From the nearest town, Vanavara (population 3000), there are three ways to reach Lake Cheko: a two-day journey up the river, an even longer trek through swamp and forest, or by air. It’s just a short hop in a helicopter, but hiring one costs a princely $4000 an hour, so instead I manage to convince the pilot of a scheduled flight connecting local villages to make a slight detour over the lake. The other passengers – a local family and a geologist prospecting for gas in the area – seem bewildered by my interest in this remote spot.

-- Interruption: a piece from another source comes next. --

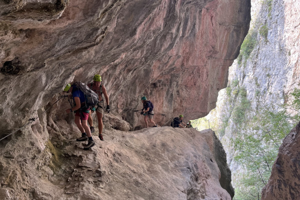 Entrati nella gola, inizia la vera e propria ferrata: Un itinerario avvincente attrezzato con cavi, pioli e scalette che risale la forra, attraversando il torrente su imponenti massi. Il percorso culmina in un’apertura spettacolare dominata da una maestosa cascata, che rende l’esperienza ancora più suggestiva.

Unfortunately, it’s too late in the year to land near Cheko – the permafrost has thawed, turning the surrounding area into a swamp. So the pilot dips down and we make a second lap, coming in even lower. It’s a long way to come for a fly-by, but then this is no ordinary lake. If a team of Italian researchers are right, buried in its sediments is an extraterrestrial body which could solve a mystery that has confounded scientists for a century.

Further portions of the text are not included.